Dari tempat yang tak mereka ketahui, ada sepasang mata berandal tanggung yang terus menguntit. Ketika mereka pulang dengan mobil masing-masing, Pramono mengikuti perempuan itu sampai ke pagar rumahnya di Kaligarang. Peristiwa itu terjadi dua tahun sebelum Seto tinggal di rumah Pak Mayor. Saat itu si berandal baru beberapa bulan masuk SMA dan sudah suka kelayapan.

***

Sesungguhnya si Mayor tidak berniat menyakiti perasaan istrinya, namun Suhartini sering memiliki gairah untuk menyakiti perasaannya sendiri dengan detail yang tak tertebak. ''Kau bernyanyi terus sepanjang hari,'' katanya. ''Pasti ada perempuan lain yang membuatmu jatuh cinta.''

Itu serbuan tak terduga di hari Minggu malam, sehari setelah kencan pertama. Si Mayor mengatakan sesuatu tetapi tak jelas dan ia seperti buru-buru menelan kembali setiap kata yang ia keluarkan.

''Kau ngomong apa?'' tanya Suhartini.

''Aku memang suka bernyanyi, kau tahu itu,'' jawab si Mayor.

''Aku tidak tahu itu.''

''Jadi kau mencurigaiku?''

''Tingkahmu mencurigakan.''

Dari sini kau bisa tahu kenapa para pemburu gosip mudah sekali mendapatkan mangsa.
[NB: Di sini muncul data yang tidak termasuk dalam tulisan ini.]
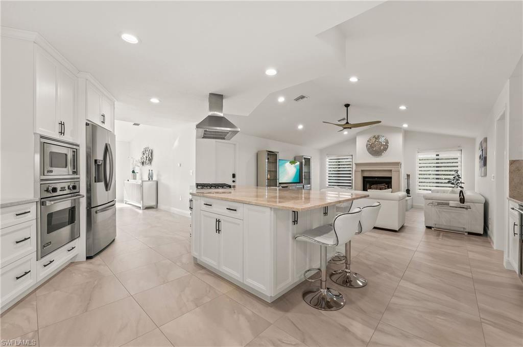 Exquisite Luxury Living in the Highly Sought-After Kings Lake Community! 3 CAR GARAGE, GAS COOKTOP, WOOD BURNING FIREPLACE!! ENTERTAINERS DREAM HOME, a stunningly remodeled oasis that epitomizes luxury and elegance. Nestled in the prestigious Kings Lake community, this remarkable residence has been transformed from top to bottom, offering an unparalleled living experience for those who appreciate the finer things of life. This home has been fully remodeled and updated in almost every way possible and is being sold furnished turnkey. New roof (2023), Carrier A/C system and duct work (2023), hurricane impact windows and doors, new paint inside and out, all new electric, new light fixtures, new kitchen, bathrooms, laundry room, tile floor etc. This home has it all, including GAS STOVE, WOOD BURNING FIREPLACE, FULLY FENCED BACK YARD... As you step inside, you are greeted by an inviting foyer that flows seamlessly into a living room and a formal dining room, perfect for hosting lavish dinner parties or intimate family gatherings. The heart of this home is the open kitchen, featuring a large island that serves as both a culinary workspace and a gathering spot for friends and family. This dream kitchen features new wood cabinetry, a gas cooktop, stainless steel appliances, wine cooler, custom quartz countertops, dry bar/coffee station. The spacious family room is designed for relaxation and entertainment, complete with a cozy fireplace. Both bathrooms have been fully updated with top-of-the-line custom cabinets, stylish tile work and floating mirrors. The expansive master bedroom is a true sanctuary, featuring a lavish ensuite bath designed for relaxation and rejuvenation. Indulge in the opulence of the spa-like atmosphere, complete with high-end fixtures and finishes that elevate your daily routine to an extraordinary experience. Large walk-in closet, adorned with custom built-ins, offers not only ample storage but also an organized haven for your wardrobe. Enclosed lanai (Florida room) is currently set up as a dining area but can be used as a den/office. Step outside to discover your private paradise—heated saltwater pool, covered and uncovered outdoor area and a very private backyard. Pool has been resurfaced in 2023, new pool equipment in 2023 as well. This stunning home also features a rare 3 CAR GARAGE (with brand new epoxy floors), providing not only convenience but also plenty of storage options for all your recreational gear or vehicles. This home would be an ideal investment property, it can be rented monthly (12 times a year). Kings Lake community offers VERY LOW HOA FEES (only $434 a year), walking and biking trails, a tennis/pickleball courts all within minutes of famous 5th Ave, Naples Pier and white sand beaches. Don’t miss out on this extraordinary opportunity! Schedule your private tour today and step into a life of luxury where every moment feels like a vacation. Your dream home awaits!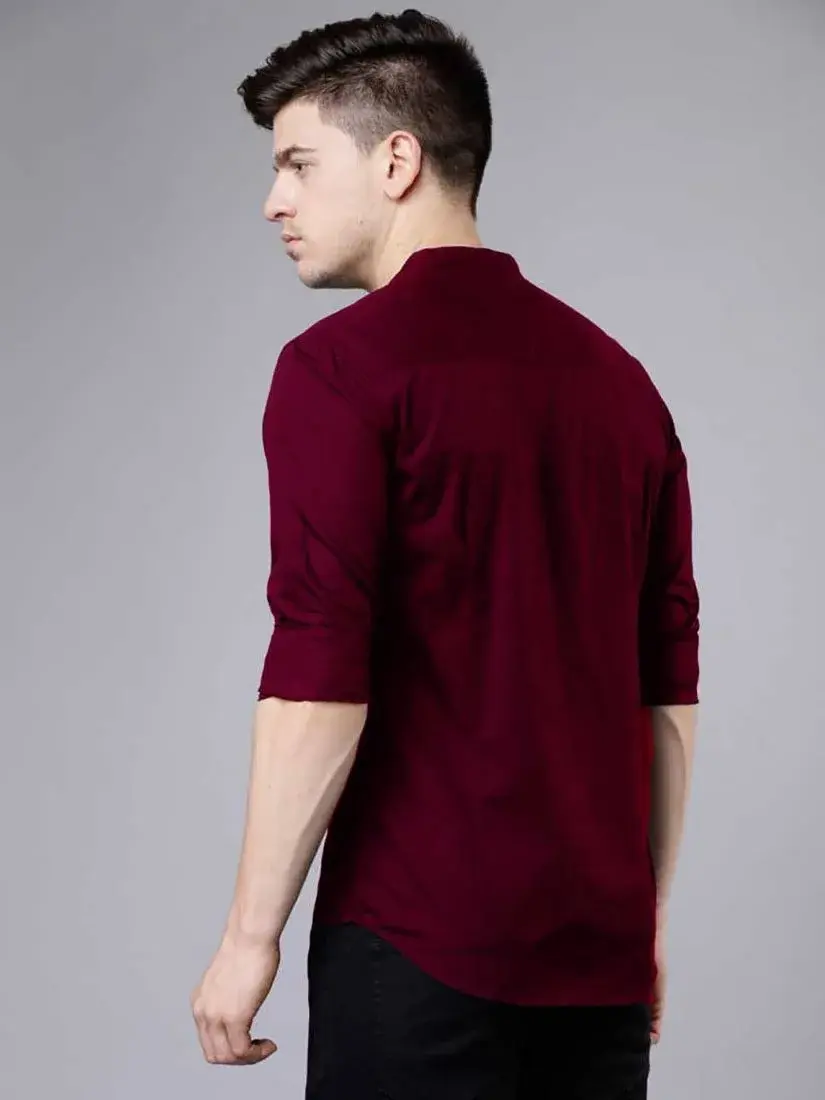 This Is A Best Casual Wear Shirt With Mandarin Collar , Long Sleeves With Button Cuffs , Full Buttoned Placket On The Front, Yoke On The Back, Curved. Pair This Along With A Good Pair Of Denim Or Chinos And Loafers For A Sharp And Dapper Look.

Sebab cinta memang cenderung memamerkan dirinya sendiri, kadang di depan orang yang tidak tepat. Dan, si Mayor melupakan itu. Ia pikir tidak ada yang ganjil pada tingkah lakunya. Ia hanya merasa sedikit lebih riang dan ia menyanyi atau bersiul-siul begitu saja; sama sekali tidak terpikir olehnya bahwa itu karena jatuh cinta.

''Aku melakukan apa yang biasa dilakukan orang,'' katanya.

''Kau pasti sedang jatuh cinta,'' istrinya terus melabrak.

''Kau juga pernah bernyanyi-nyanyi dan aku tidak menuduhmu sedang jatuh cinta,'' gumam si Mayor.

Tanpa menggubris keberatan suaminya, Suhartini bergegas ke gudang penyimpanan barang-barang, membongkar tumpukan koran, dan kemudian kembali lagi dengan sebuah majalah lama yang ia buka pada halaman 43. Kepada suaminya ia sodorkan artikel itu: ''Sepuluh Gejala Pasangan Anda Berselingkuh.''

''Baca nomor enam!'' perintah Suhartini.

Si Mayor menatap artikel itu, matanya terbimbing ke nomor enam, dan ia merasa putus asa.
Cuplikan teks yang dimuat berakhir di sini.